Генри отпер запоры бара, и теперь мы дружно пили. Мы чувствовали, что пора оценить ситуацию.

– Она так и сидит там в окне, вывалив наружу свои длинные черные волосы, черные как смоль. Толпа несколько поредела. Наши письма вернулись нераспечатанными. Инициатива с занавеской для душа не дала заметных результатов. Она вроде бы о ней знает, однако пока не выказывает никакой реакции – ни положительной, ни отрицательной. Мы пригласили эксперта для оценки ее в смысле тембра, тональности и общего ключа. Прийти должен завтра. Успокоить нас, что мы купили правильную занавеску для душа. Он должен прийти к нам завтра. Красные полотенца мы вернули в «Блуминдейл». – Тут все посмотрели на Дэна, его рвало. – У Билла отняли пижаму из желтой жатой бумаги и сожгли ее. Вы же знаете, что он испортил для нас ту ночь. – Тут все посмотрели на Билла, его с нами не было. Он присматривал за чанами. – Новая коричневая пижама из монашеской дерюги, изготовленная для Билла Полом, прибудет в начале следующего месяца. Качество свиных ушек, используемых нами в «Детском Динь Сам Дю», не соответствует государственным стандартам США, как, впрочем, и любым другим стандартам. Однако наш гонконгский представитель заверяет, что следующая партия будет безупречна. Сбыт в масштабах страны оживленный, оживленный, оживленный. «Тексас Инструменте» опустились на четыре пункта. «Контрол Дейта» поднялись на четыре пункта, фунт слабеет. Корова телится. Кактус нуждается в поливке. Строится новое строение, арендные договоры уже покрывают 45 % сдаваемой в аренду площади. Погода завтра теплая и безоблачная.

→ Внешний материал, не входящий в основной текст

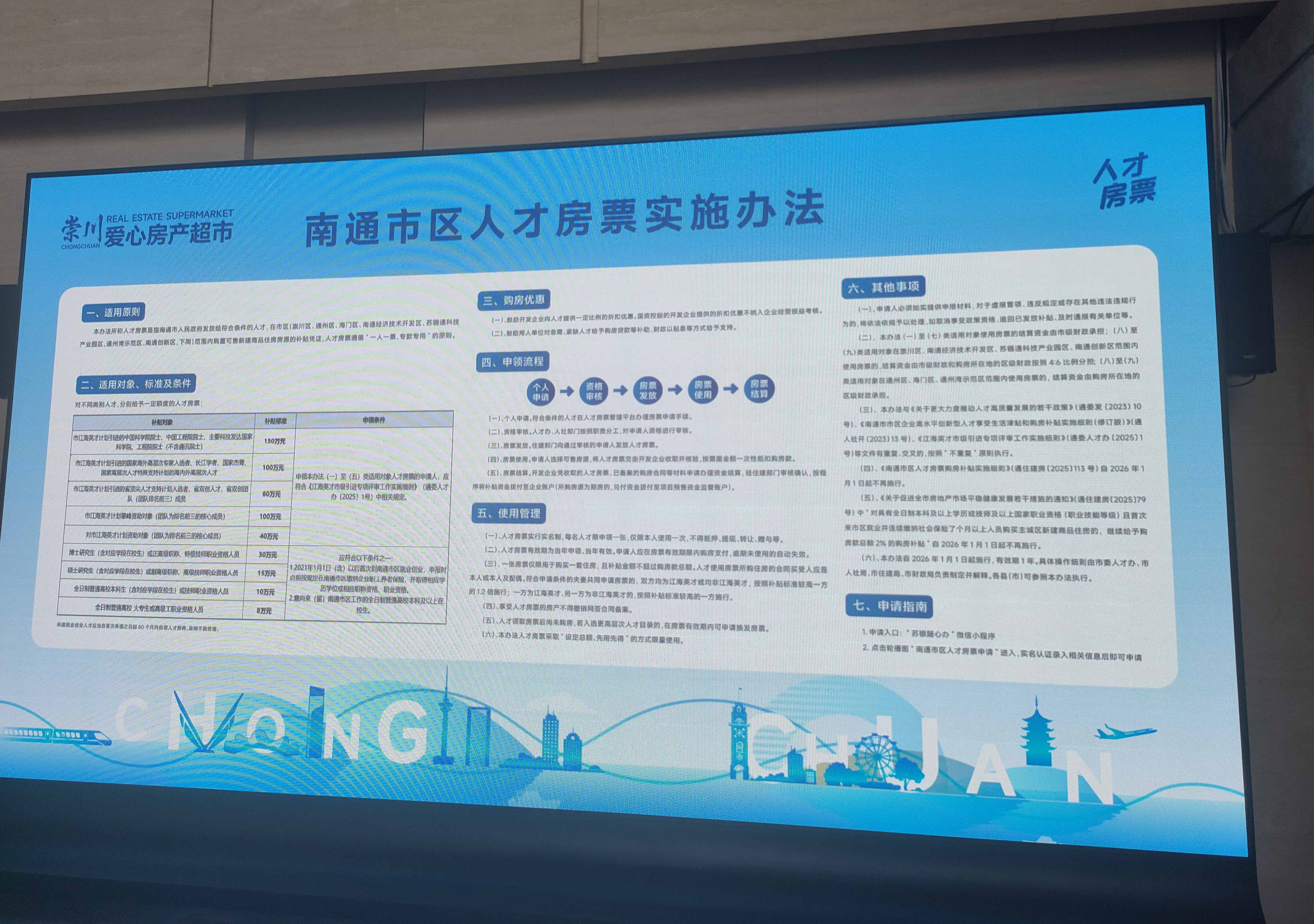 护航人才安居路,崇川不仅有“一线推介”,更有“一站服务”。在爱心房产超市,崇川区专门设立人才房票政策咨询专窗,梳理公示区内参与新政楼盘清单;同时联动南通市不动产登记中心,打造一站式便民服务点,实现契税缴纳、不动产权证办理等业务“一站办结”,让人才购房流程更精简、办事更高效、体验更舒心。

– Алло? Это Хого де Бержерак?

– Да, это Хого де Бержерак.

– Это Брот, Балтиморское бюро Налогового управления. У нас тут лежит письмо, где вы предлагаете донести на Билла, Кевина, Эдварда, Хьюберта, Генри, Клема и Дэна за 17 % суммы взыскания. Мы крайне признательны вам за то, что связались с нами, однако я должен предупредить: мы платим только 8 %.

– Восемь процентов!

– Да, мне крайне жаль, я и сам понимаю, что это мало в свете общепринятой мировой практики, когда-то мы и сами платили больше, однако это теперь это стандартная ставка, и если мы заплатим вам 17 %, остальные доносчики потребуют того же. Можете себе представить.

– Восемь процентов!

– Да, но, разумеется, вами движет и патриотизм, не так ли?

– Восемь процентов! Это непристойно мало за такой гнусный и бесчестный поступок, непристойно мало.

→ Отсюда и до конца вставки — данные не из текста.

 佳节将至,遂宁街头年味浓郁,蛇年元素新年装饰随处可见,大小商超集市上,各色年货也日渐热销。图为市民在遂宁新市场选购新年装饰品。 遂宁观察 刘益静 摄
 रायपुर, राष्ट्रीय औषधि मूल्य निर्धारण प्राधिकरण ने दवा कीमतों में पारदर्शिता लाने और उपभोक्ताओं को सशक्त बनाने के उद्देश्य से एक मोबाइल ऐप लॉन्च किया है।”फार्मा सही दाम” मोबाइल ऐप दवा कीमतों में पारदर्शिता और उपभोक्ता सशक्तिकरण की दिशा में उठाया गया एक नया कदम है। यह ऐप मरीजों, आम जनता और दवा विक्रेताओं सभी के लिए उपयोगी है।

– Да, я понимаю, но какова все же природа предлагаемой вами информации? Вы, конечно, понимаете, что нас не удовлетворят голословные утверждения. От вас требуется предоставить веские доказательства или по крайней мере достаточно серьезные материалы для построения крепкого судебного дела с последующим тюремным сроком и/или взысканием.

– Восемь процентов!

– Кроме того, я мог бы напомнить вам, что это ваш гражданский долг как американского гражданина. Если вы располагаете подобной информацией, вы должны предоставить ее нам.

– Восемь процентов, восемь процентов.

– Вы меня слышали? Я сказал, что ваш гражданский долг как американского…

– Я не американский гражданин. Я хожу под панамским флагом. Так что забудьте о моем гражданском долге. Восемь процентов. Нет, мне что-то расхотелось с вами беседовать. Было бы, конечно, приятно сделать это просто так, из чистой гнусности, однако смачно плюнуть на ваши восемь процентов еще приятнее. Прощай, Балтимор. Восемь процентов. Доброй ночи, Балтимор, доброй вам ночи и чтоб вам пусто было.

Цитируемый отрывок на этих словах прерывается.